You can download the missing nt files by using the following bash script
When all the nt files are downloaded, you can delete the md5 files as follows:
rm -r *.md5
- Prepare a metadata.tsv file containing the list of all nt.??.tar.gz files. The nt.??.tar.gz files are located at
The file metadata.tsv looks like this:
Figure 1: Blastn database nt files.
-
Put the metadata.tsv file and the following blastn script in the directory where you want to download the blastn database
-
Check the file format as follows:
file *
All files are required to be in UNIX format i.e., ASCII text only. Files written in Windows computer will have Windows format i.e., ASCII text, with CRLF line terminators. Convert these files into unix format by running the following command:
dos2unix *
- Check the files are executable
ls -l
Run the following command to make the files executable
chmod +x *
#!/bin/bash
#metadata
metadata=./*.tsv
#
Red="$(tput setaf 1)"
Green="$(tput setaf 2)"
Bold=$(tput bold)
reset=`tput sgr0` # turns off all atribute
while IFS=, read -r field1
do
echo "${Red}${Bold}Downloading ${reset}: "${field1}""
echo ""
wget https://ftp.ncbi.nlm.nih.gov/blast/db/"${field1}"
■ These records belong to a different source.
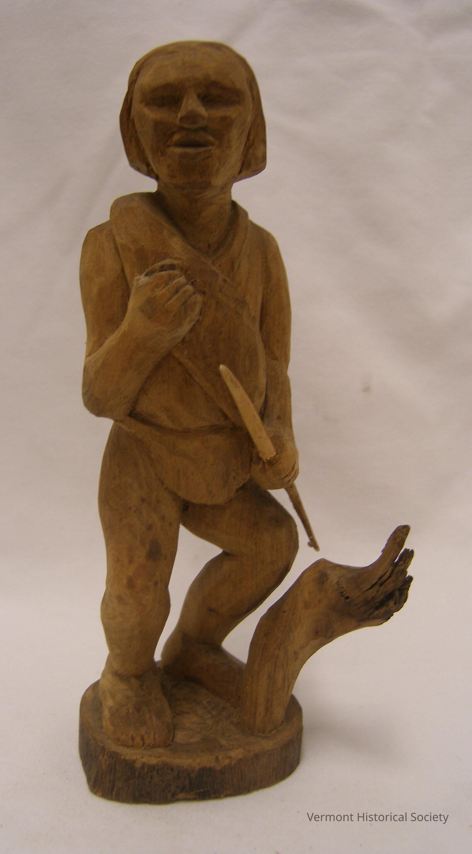 Small wooden carving of an indigenous American man. He is shown wearing only a small garment over his groin, with a sling across his chest. He is holding a bow and standing with bent knees beside an irregularly shaped object rising from the circular base.Artwork Details
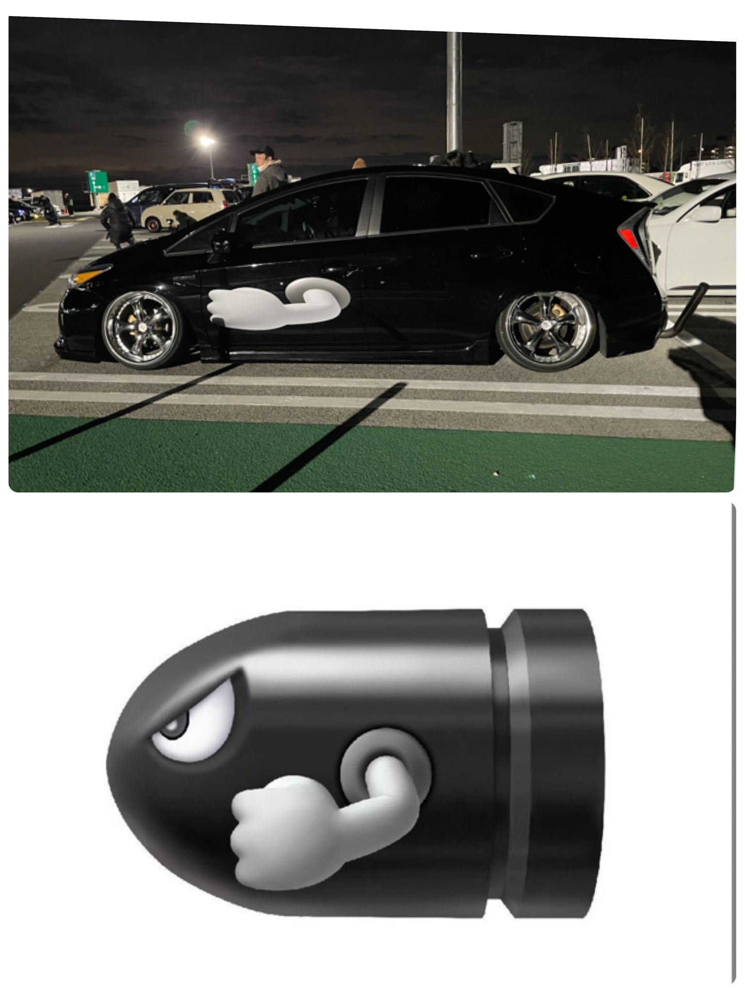 ▼除了汽車內部,車身外部也有改裝。黑色的車身上有白色的手手,跟車燈組合起來就像任天堂的子彈殺手。開著這輛車上街,其他車主和路人一定會驚嘆連連。
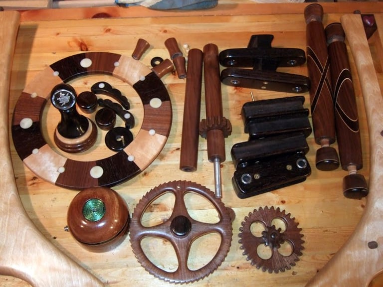 This is the only shelf clock that I have built. It is a anniversary gift that I made for a fellow naval officer. The pendulum operates by magnetic impulse which drives the ratchet mechanism above the escape wheel. The crystal in the topper was a rare find. I has a love message engraved into it. The numbers on the face are inlayed rounds of palm nuts that look amazingly like pearls.
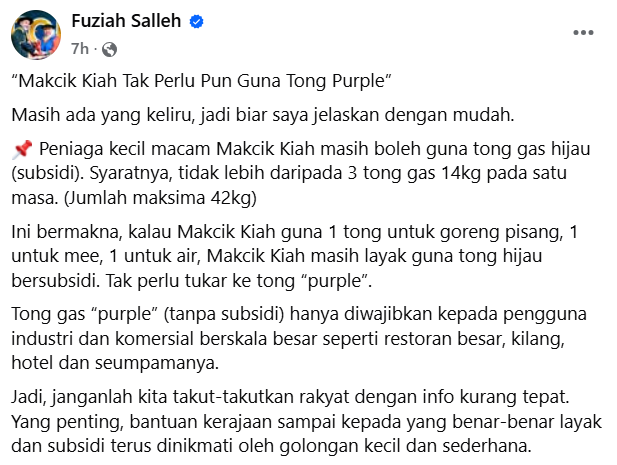 她今日在脸书发文,以题为:Makcik Kiah不需要使用紫色桶(商用煤气),以简单明了的例子,解释近日引发争议的煤气课题。
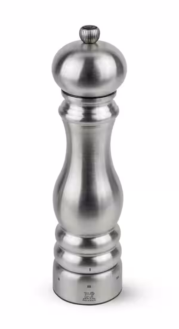 Edle Peugeot Paris Pfeffermühle "Chef" aus gebürstetem Edelstahl – ein beliebter Klassiker der Salz- und Pfeffermühlen in modernem Gewand.
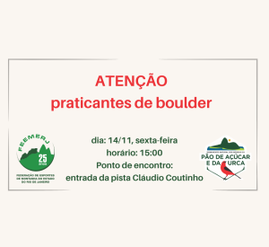 A FEEMERJ e a gestão do MoNa Pão de Açúcar convidam a comunidade de boulder para uma conversa sobre a prática da modalidade dentro dos limites do MoNa – que incluem os principais setores de boulder da Urca.
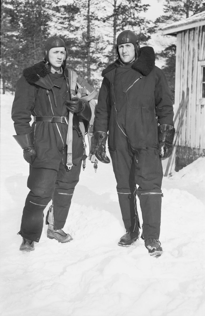 Porträtt av två militärer i flygdräkt vid Svenska frivilligkåren i Finland, F 19. Till vänster Roland Sahlberg och till höger Thord-Erik Torstensson-Medalen; båda flygsignalister.
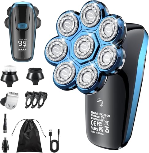 Head Shavers for Men, Upgrade 8D Rotating Electric Shavers for Bald Men Cordless Waterproof Wet & Dry USB Rechageable 99min Use Time LED Display Razor Beard for Home, Office, Travel
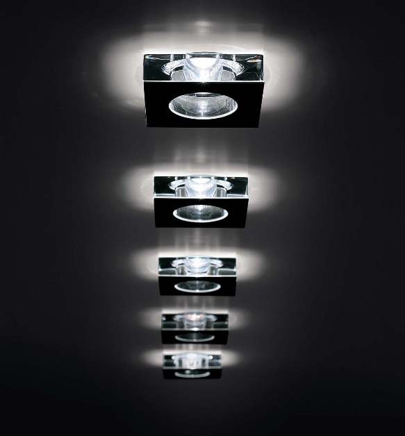 Lui Inbouwspot geeft een uiterst aangenaam en mooi licht, en is gemaakt van geperst helder kristal, en heeft een armatuur van gepolijst roestvrij staal.
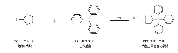 1.通過溴代環(huán)戊烷和三苯基膦合成環(huán)戊基三苯基溴化磷鎓,收率約78%;
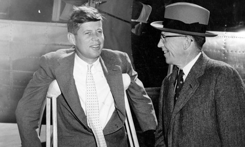 John F. Kennedy sử dụng nạng để đi lại trước cuộc phẫu thuật đốt sống vào tháng 10/1954
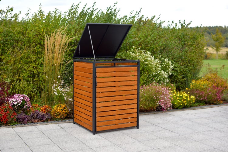 Die Mülltonnenabdeckung besteht aus einem pulverbeschichteten Aluminium/Stahlgestell und geöltem Eukalyptusholz.
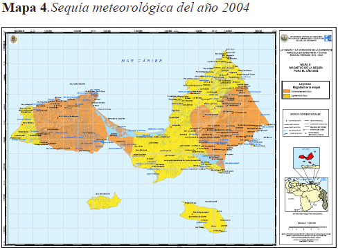 Para el año 2004, las zonas de sequía tienen menos predominancia que las zonas húmedas, categorizada desde ligeramente seco hasta muy húmedo (mapa 4). En las adyacencias de La Asunción se halla un foco muy húmedo (SPI > 1.50). Las zonas de transición se emplazan en las laderas y algunos valles caracterizadas por ser moderadamente húmedas y corresponden a precipitaciones abundantes, donde se encuentran poblados como Tacarigua y San Juan Bautista. Las zonas ligeramente húmedas se extienden desde el tramo central hasta el sector oriental. La Península de Macanao es moderadamente húmeda y hacia la costa oeste de la península, en las cercanías de Boca del Pozo es de ligeramente húmedo a normal. Hacia el noreste de Margarita, en Juan Griego y las zonas costeras inmediatas al centro poblado, se categorizan como ligeramente seca, resultando ser la única región de la isla donde existe influencia del fenómeno de la sequía.
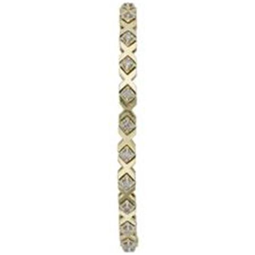 <B>Diamond, Gold Bracelet</B></I> The 14k yellow gold bracelet features full-cut diamonds weighing a total of approximately 0.65 carat, alternating with "x" shaped links, completed by a figure-eight safety clasp. Gross weight 15.30 grams. <BR><I>Dimensions: 7 inches x 3/16 inch</B></I><BR><BR><b>Shipping:</b> Miscellaneous Collectibles, Smal (<a target="_blank" href="http://www.heritageauctions.com/common/shipping.php">view shipping information</a>)

echo "${Green}${Bold}Downloaded ${reset}: ${field1}"
echo ""
echo "${Green}${Bold}Extracting ${reset}: ${field1}"
tar -xvzf "${field1}"
echo "${Green}${Bold}Extracted ${reset}: ${field1}"
echo ""
echo "${Green}${Bold}Deleting zipped file ${reset}: ${field1}"
rm -r "${field1}"
echo "${Green}${Bold}Deleted ${reset}: ${field1}"
echo ""
done < ${metadata}
x: tells tar to extract the files
v: “v” stands for “verbose”, listing all of the files as the decompression continues
z: tells the tar command to uncompress/decompress the file (gzip)
f: tells tar that a file will be assigned to work with
pkill -9 wget # to abort the running wget download
Wild card like ‘tar.gz’ doesn’t work for ‘tar’. Because tar supplied with a “” doesn’t only limit itself to the existing tar files in the directory but also it expands to the imaginary file names (!), for example, abc.tar.gz def.tar.gz ghi.tar.gz or 1.gz, 2.gz and 3.gz etc. Since these files are non-existence, tar can’t find them and produce ‘not found in the archive’ error. The following loop function can overcome this issue when you have multiple tar files to decompress.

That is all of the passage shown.